Canadiens’ Therrien stays the course with slumping Desharnais

Check this out, as David Desharnais and the Montreal Canadiens silence the Gillette Stadium crowd early with a quick goal.

Perhaps it was a preemptive strike from five or six of the 20 or so reporters on hand at Thursday’s practice to focus on David Desharnais’ lack of production while his Montreal Canadiens are currently enjoying their first three-game winning streak since November, but most of the team’s fans believe it was long overdue.

Who can blame them?

The five-foot-eight native of Laurier-Station, QC., has just seven points in his last 33 games, none of which have come on the power play — though he remains a fixture on the team’s top unit.

The Habs Eyes on the Prize fan-blog pointed out earlier this week that, in terms of power-play production, Desharnais ranks 184th out of 189 players who have been given more than 100 minutes of time on ice with the man-advantage this season.

"He’s gotta shoot the puck," Craig Ramsay told Sportsnet earlier this week. "You don’t want to be predictable."

Ramsay was hired by the Canadiens last summer as a consultant to the coaching staff last, specifically employed to put his 20 years of NHL coaching experience and his specialty in power-play strategy to good use for a team that desperately needed help in the department.

The Canadiens followed up finishing with the NHL’s 25th-best power play last season (16 per cent) by scoring on just two of 36 chances in the playoffs.

"When I was in Boston, we had Marc Savard — who was an exceptional playmaker," Ramsay continued. "But he got so fed up of me telling him to shoot all the time that he finally did it just to prove me wrong. He fired a monster slap shot under the bar and barked at me, ‘like that, Rammer?’ And I responded: ‘Exactly, dummy!’"

Ramsay broke out laughing, but his point resonated. This has always been the knock on Desharnais, who’s proven, albeit far too infrequently, he has a good enough shot to score goals.

Goals on precisely 73 of his 482 shots (15.1 per cent) in 394 NHL games make him one of the more efficient shooters on his team.

The stat also says he’s a selective shooter, but the eye-test reveals he’s a good one, too.


"You have to shoot to get some bounces and create some scoring chances," said Desharnais Thursday. "I have to put that in my mind and go out and execute."

It’s a thought he needs to focus on, especially as he prepares to play all of his shifts at even strength alongside Canadiens captain Max Pacioretty for an eighth consecutive game — this one to be played in Buffalo Friday.

The two haven’t combined for any goals over their last seven games (Desharnais did not factor into the only one Pacioretty scored over that stretch).

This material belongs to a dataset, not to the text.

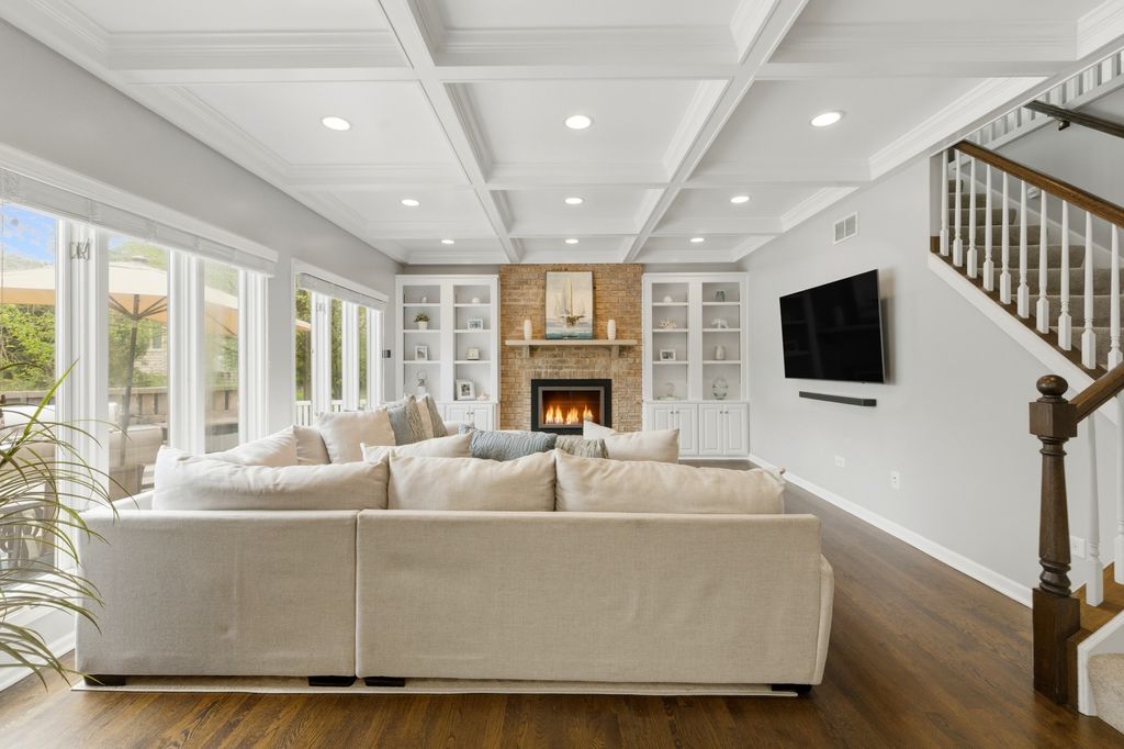 Welcome to this beautifully updated home in the highly desirable Stillwater subdivision, where thoughtful upgrades and timeless design come together effortlessly. Boasting five spacious bedrooms on the second level and four full bathrooms throughout, this home offers both comfort and functionality for everyday living. A versatile main-level bedroom offers the perfect option for a private office or an ideal in-law arrangement, complemented by a nearby full bathroom. The heart of the home is the stunning white kitchen, seamlessly flowing into the inviting family room, an ideal layout for both entertaining and daily life. This space is highlighted by custom built-ins, coffered ceilings, recessed lighting, and a striking brick gas fireplace. A secondary staircase adds both convenience and architectural character. The fully remodeled basement expands your living space with a beautifully designed dry bar, dining area, dedicated exercise room, and abundant storage, including a large utility room. Step outside to your private backyard retreat, perfect for entertaining, featuring a brick paver patio, built-in fire pit, outdoor grill, and refrigerator. The yard offers the perfect balance of green space and recreation with a sports court and basketball hoop, along with an in-ground sprinkler system for easy maintenance. Ideally located just a short walk from the Stillwater clubhouse, pool, and tennis courts, this home offers a rare combination of luxury, functionality, and community living in one of Naperville's most sought-after neighborhoods. Recent updates include a new furnace & AC in 2025!

It raises the question: Why does Canadiens coach Michel Therrien keep going back to this combination?

"Guys like Desharnais and Pacioretty have had success together for years and I still have confidence they’ll have it," said the coach in French. "It’s a duo that has always found a way to perform and produce, and that’s why I have confidence in them."

Desharnais and Pacioretty climbed the ranks together. They were a dynamic duo in the AHL before they produced magic together in the 2011-12 season with the Canadiens, combining for 125 points with Erik Cole to their right. And they’ve shared chemistry since.

But the team was undeniably best served earlier this season when Desharnais was playing as the team’s third-line centre between Tomas Fleischmann and Dale Weise, eating up more favourable matchups than the ones he’s being forced into with Pacioretty to his left.

Playing an average of 14:24, Desharnais produced 14 points in his first 16 games to help the Canadiens to first place in the NHL. He’s averaged 17:46 since joining Pacioretty on the top line seven games ago.

https://twitter.com/EricEngels/status/697792605862625280

"I gave those guys opportunity to produce offensively, putting them on the power play, [putting] them on offensive-zone face offs as much as we can," said Therrien. "They want to produce. The thing they need to focus on is probably better decisions with the puck, better support. Those are the things they need to focus on to get success."

But if Desharnais and Pacioretty fail to produce in Buffalo and the Canadiens lose a game they’re expected to win, the heat will only be turned up on both players and the coach. Justifiably so.